(Stored data)

______________________________

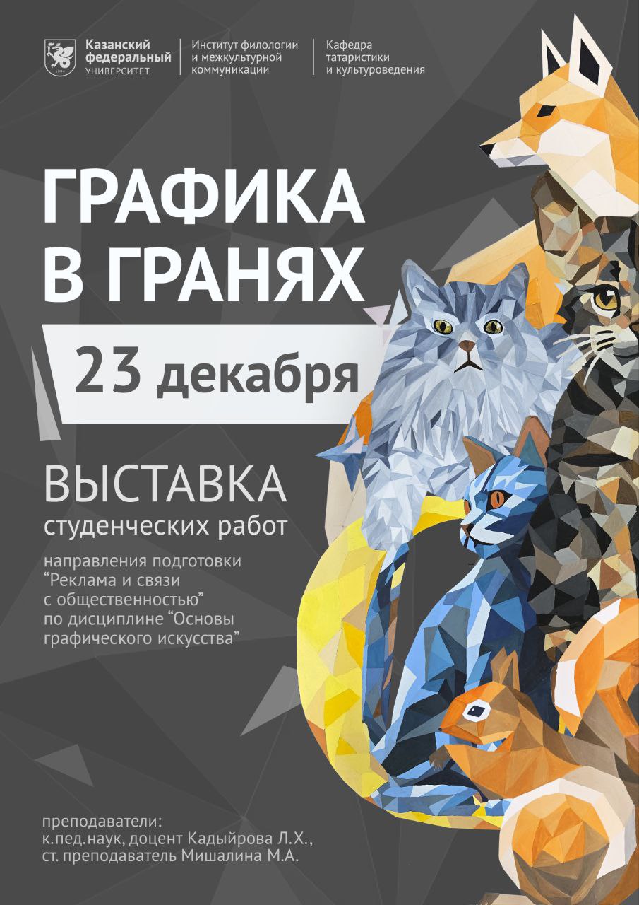 23 декабря 2025 года в 11:40 в выставочной зоне Института филологии и межкультурной коммуникации Казанского федерального университета на 2-ом этаже состоится открытие выставки «Графика в гранях».
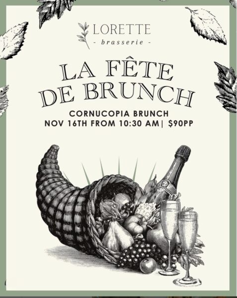 On Sunday, November 16 from 10:30 a.m. to 1 p.m., Lorette Brasserie will host La Fête du Brunch, a festive brunch experience featuring family-style starters and a selection of refined entrées. Guests can choose from three Eggs Benedicts, Croque Madame, Brioche French Toast, and other elevated brunch dishes, accompanied by signature cocktails, sparkling wine, and seasonal drinks designed to keep the celebration flowing.
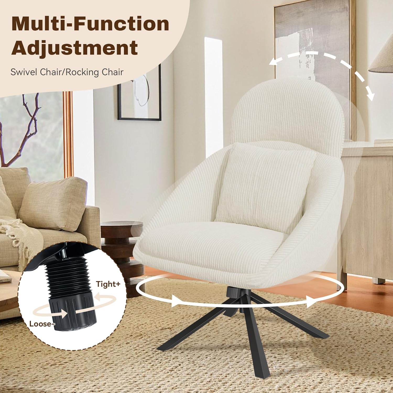 Unwind in total comfort with this **luxurious swivel rocking accent chair** — designed to soothe, support, and elevate any space. Wrapped in soft corduroy fabric and filled with high-resilience sponge, it offers a cloud-like sit, gentle rocking motion, and an **adjustable headrest** for personalized comfort. Whether you're reading, nursing, or relaxing after work, this chair is your new favorite retreat. 🌿✨
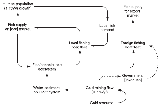The country consists of two subsystems: a lake or coastal area with fish and their food – say, daphnia, a kind of water flea – and the economy of people, fishing boats and a reserve of mineral ore with high gold content (Figure 1). The Lakelanders get their food from fishing in the local lake and make their boats and nets from local materials. There are only two capital stocks: boats and nets, and mining equipment. They change because of investment and depreciation, with the latter assumed to be inversely proportional to the economic lifetime. The demand for fish is growing over time because of population growth. This means more boats and nets. Therefore, you can make three reasonable assumptions about the fishermen behaviour and the ecosystem:
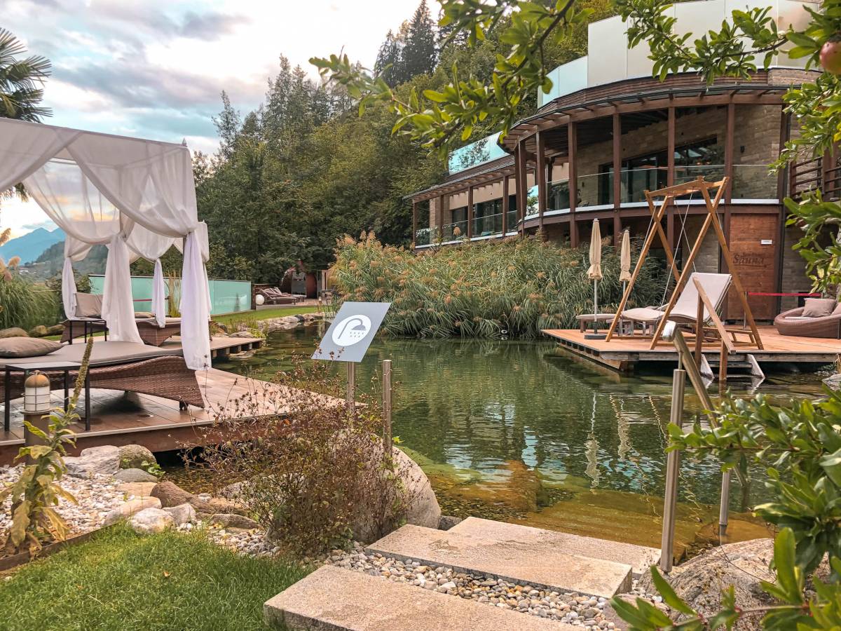 Un hotel a cinque stelle ai piedi del Catinaccio che offre servizio di Day Spa. Grazie a un sofisticato impianto di elettrolisi del sale qui non si utilizza cloro. La piscina interna ed esterna è a 30 °C, si può accedere al percorso Kneipp e al bacino Kneipp sul prato alpino che circonda l’hotel ai piedi del Catinaccio. A disposizione ben quattro saune: la sauna al legno di pino cembro meravigliosamente profumata, la delicata sauna all’argilla, la tradizionale sauna nel fienile e il bagno turco. Dopo la sessione di sauna si può trovare refrigerio nella grotta crushed ice. Avvolti in un morbido accappatoio, ci si può stendere poi sui lettini di fieno o ad acqua e godersi la splendida vista sulle montagne con un rinfrescante bicchiere d’acqua della sorgente di Plafötsch. Vi attendono anche alcune novità: la sauna panoramica con vista mozzafiato, vasca idromassaggio all’aperto al sale marino, stanza del sale per l’inalazione, zona relax con lettini a infrarossi. Tutte le info QUI.
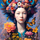 A stunning portrait of a young woman adorned with a floral crown, featuring butterflies and vibrant flowers. Her serene expression blends harmoniously with the enchanting colors of nature.
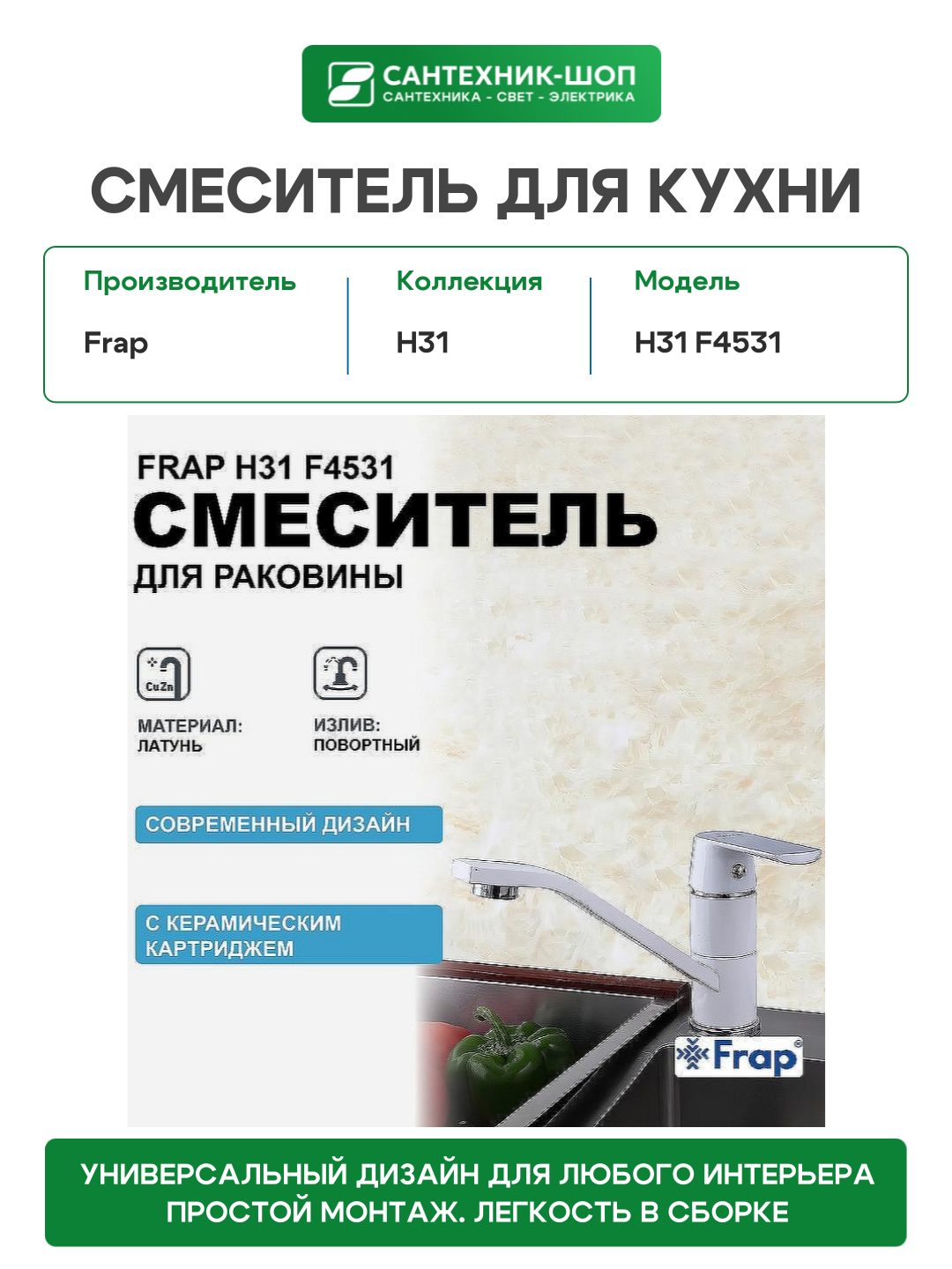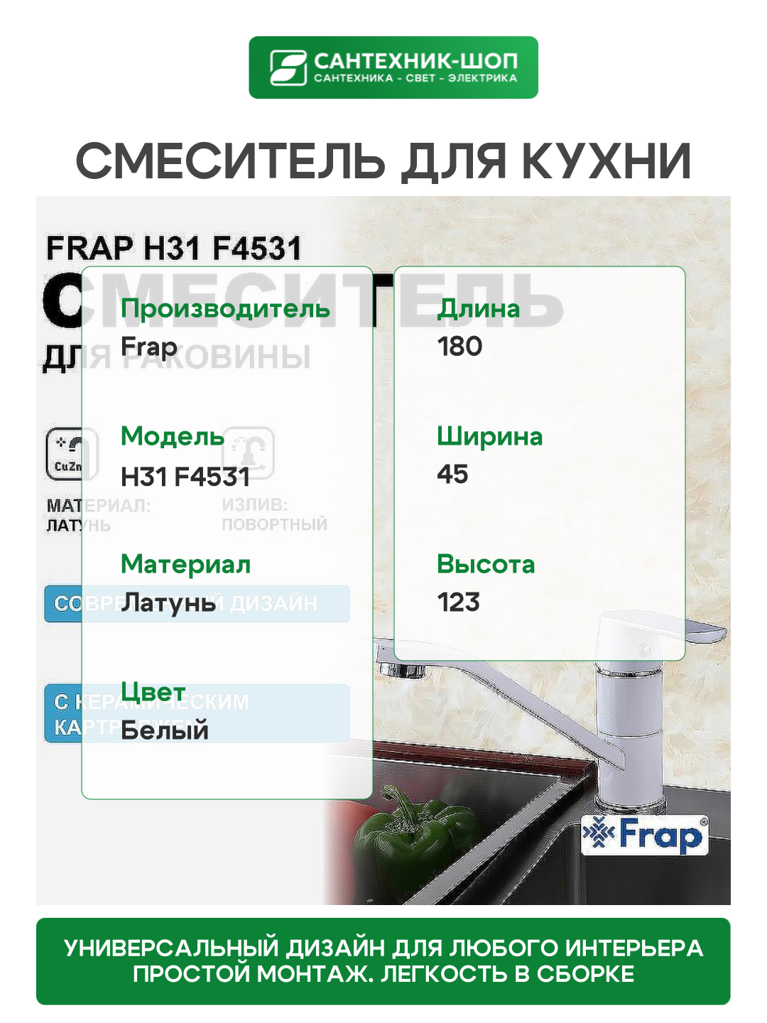 Купить Смеситель для кухни Frap H31 F4531 Белый латунь, стильный дизайн с доставкой по всей России. Смеситель для кухни Frap H31 F4531 Белый латунь, стильный дизайн: сравнение цен, характеристики, фото, актуальное наличие и цены.
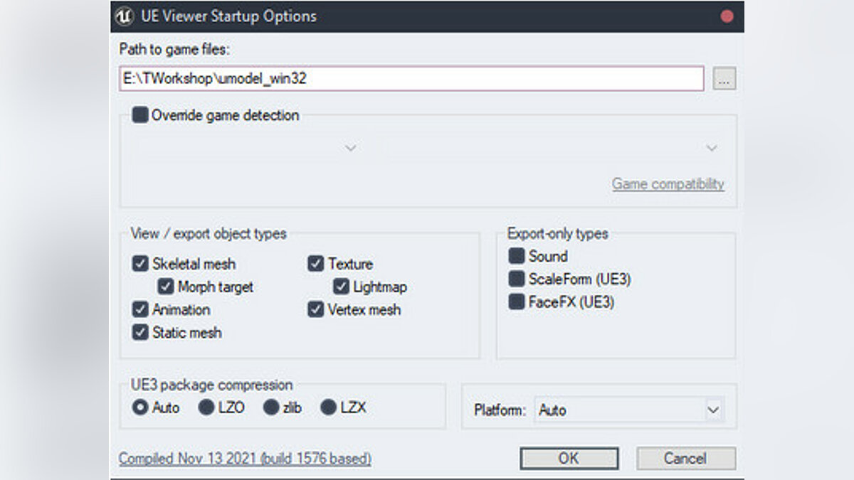 Чтобы что-то извлечь, просто выберите файл в списке и нажмите «Экспорт» (Export). Вам будет предложено указать версию Unreal Engine, выберите 4.26 и нажмите OK. В приведенном ниже примере мы экспортировали файл SM_colt45.uasset, расположенный в Game SanAndreas Weapons. Этот формат можно открыть в Blender и экспортировать в .OBJ.
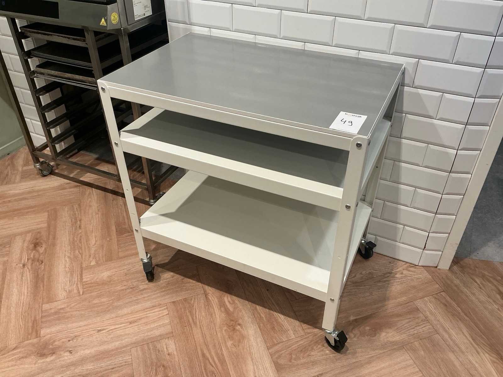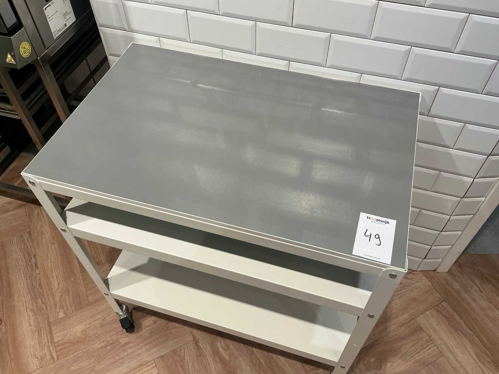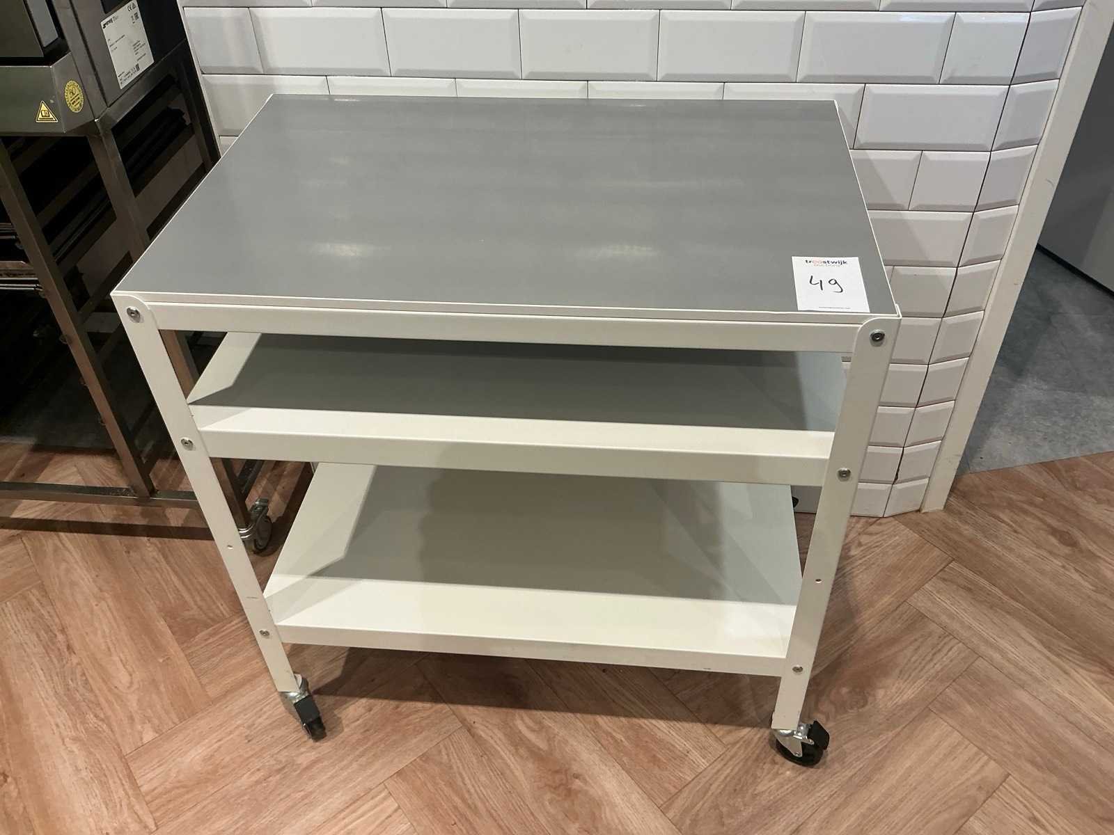 Voorzien van 3 plateaus, 4x zwenkwielen met rem Lengte: 840 Breedte: 540 Hoogte: 890
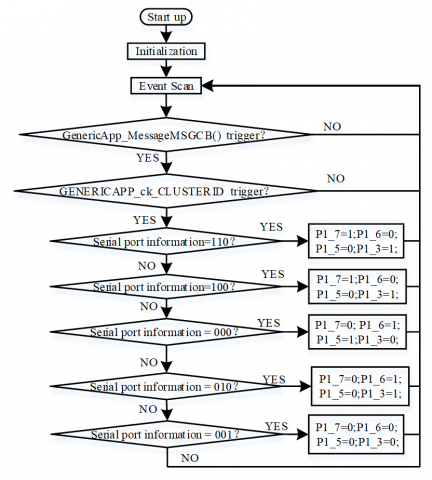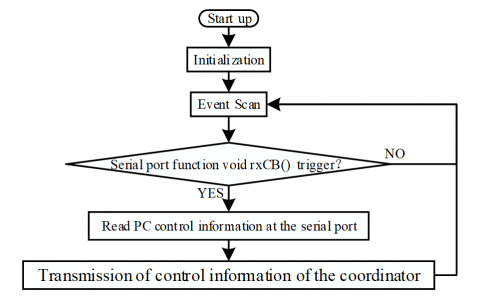 The program flow of the ZigBee coordinator for environmental parameter acquisition is shown in Fig. 9.The codes, head files declaration, macro definition, device descriptor and task initialization code subfunction [10-12] of the inspection vehicle are the same as the program controlled by buttons.
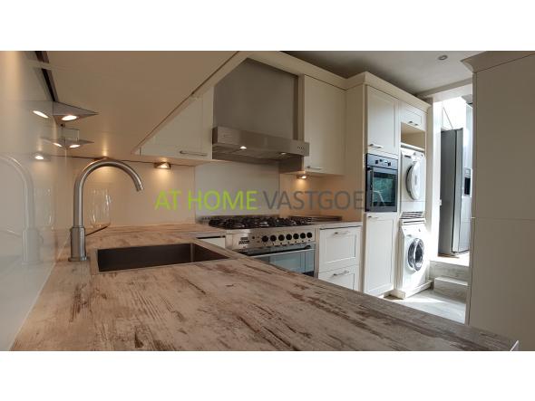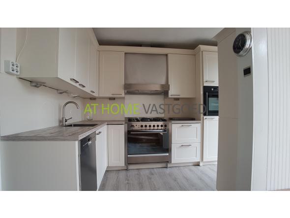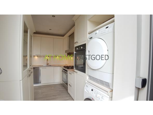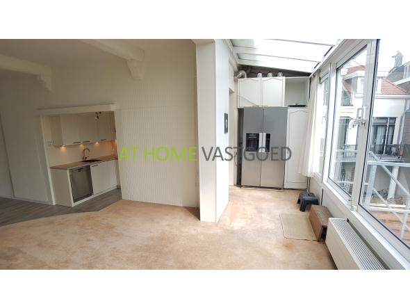 Entree, riante L- vormige woonkamer met grote raampartijen waardoor deze veel lichtinval geniet. De schitterende moderne half open keuken is van alle gemakken voorzien zoals: Amerikaanse koelkast, RVS-gasfornuis met oven, afzuigkap, magnetron, vaatwasser, wasmachine en droger. Het heerlijke dakterras is bereikbaar via de woonkamer en is gelegen op het zuidoosten.

______________________________

■ Task ■
Output each line exactly as shown above; no pictures go in the copy.

■ Answer to this problem ■
 23 декабря 2025 года в 11:40 в выставочной зоне Института филологии и межкультурной коммуникации Казанского федерального университета на 2-ом этаже состоится открытие выставки «Графика в гранях».
 On Sunday, November 16 from 10:30 a.m. to 1 p.m., Lorette Brasserie will host La Fête du Brunch, a festive brunch experience featuring family-style starters and a selection of refined entrées. Guests can choose from three Eggs Benedicts, Croque Madame, Brioche French Toast, and other elevated brunch dishes, accompanied by signature cocktails, sparkling wine, and seasonal drinks designed to keep the celebration flowing.
 Unwind in total comfort with this **luxurious swivel rocking accent chair** — designed to soothe, support, and elevate any space. Wrapped in soft corduroy fabric and filled with high-resilience sponge, it offers a cloud-like sit, gentle rocking motion, and an **adjustable headrest** for personalized comfort. Whether you're reading, nursing, or relaxing after work, this chair is your new favorite retreat. 🌿✨
The country consists of two subsystems: a lake or coastal area with fish and their food – say, daphnia, a kind of water flea – and the economy of people, fishing boats and a reserve of mineral ore with high gold content (Figure 1). The Lakelanders get their food from fishing in the local lake and make their boats and nets from local materials. There are only two capital stocks: boats and nets, and mining equipment. They change because of investment and depreciation, with the latter assumed to be inversely proportional to the economic lifetime. The demand for fish is growing over time because of population growth. This means more boats and nets. Therefore, you can make three reasonable assumptions about the fishermen behaviour and the ecosystem:
 Un hotel a cinque stelle ai piedi del Catinaccio che offre servizio di Day Spa. Grazie a un sofisticato impianto di elettrolisi del sale qui non si utilizza cloro. La piscina interna ed esterna è a 30 °C, si può accedere al percorso Kneipp e al bacino Kneipp sul prato alpino che circonda l’hotel ai piedi del Catinaccio. A disposizione ben quattro saune: la sauna al legno di pino cembro meravigliosamente profumata, la delicata sauna all’argilla, la tradizionale sauna nel fienile e il bagno turco. Dopo la sessione di sauna si può trovare refrigerio nella grotta crushed ice. Avvolti in un morbido accappatoio, ci si può stendere poi sui lettini di fieno o ad acqua e godersi la splendida vista sulle montagne con un rinfrescante bicchiere d’acqua della sorgente di Plafötsch. Vi attendono anche alcune novità: la sauna panoramica con vista mozzafiato, vasca idromassaggio all’aperto al sale marino, stanza del sale per l’inalazione, zona relax con lettini a infrarossi. Tutte le info QUI.
 A stunning portrait of a young woman adorned with a floral crown, featuring butterflies and vibrant flowers. Her serene expression blends harmoniously with the enchanting colors of nature.
 Купить Смеситель для кухни Frap H31 F4531 Белый латунь, стильный дизайн с доставкой по всей России. Смеситель для кухни Frap H31 F4531 Белый латунь, стильный дизайн: сравнение цен, характеристики, фото, актуальное наличие и цены.
 Чтобы что-то извлечь, просто выберите файл в списке и нажмите «Экспорт» (Export). Вам будет предложено указать версию Unreal Engine, выберите 4.26 и нажмите OK. В приведенном ниже примере мы экспортировали файл SM_colt45.uasset, расположенный в Game SanAndreas Weapons. Этот формат можно открыть в Blender и экспортировать в .OBJ.
 Voorzien van 3 plateaus, 4x zwenkwielen met rem Lengte: 840 Breedte: 540 Hoogte: 890
 The program flow of the ZigBee coordinator for environmental parameter acquisition is shown in Fig. 9.The codes, head files declaration, macro definition, device descriptor and task initialization code subfunction [10-12] of the inspection vehicle are the same as the program controlled by buttons.
 Entree, riante L- vormige woonkamer met grote raampartijen waardoor deze veel lichtinval geniet. De schitterende moderne half open keuken is van alle gemakken voorzien zoals: Amerikaanse koelkast, RVS-gasfornuis met oven, afzuigkap, magnetron, vaatwasser, wasmachine en droger. Het heerlijke dakterras is bereikbaar via de woonkamer en is gelegen op het zuidoosten.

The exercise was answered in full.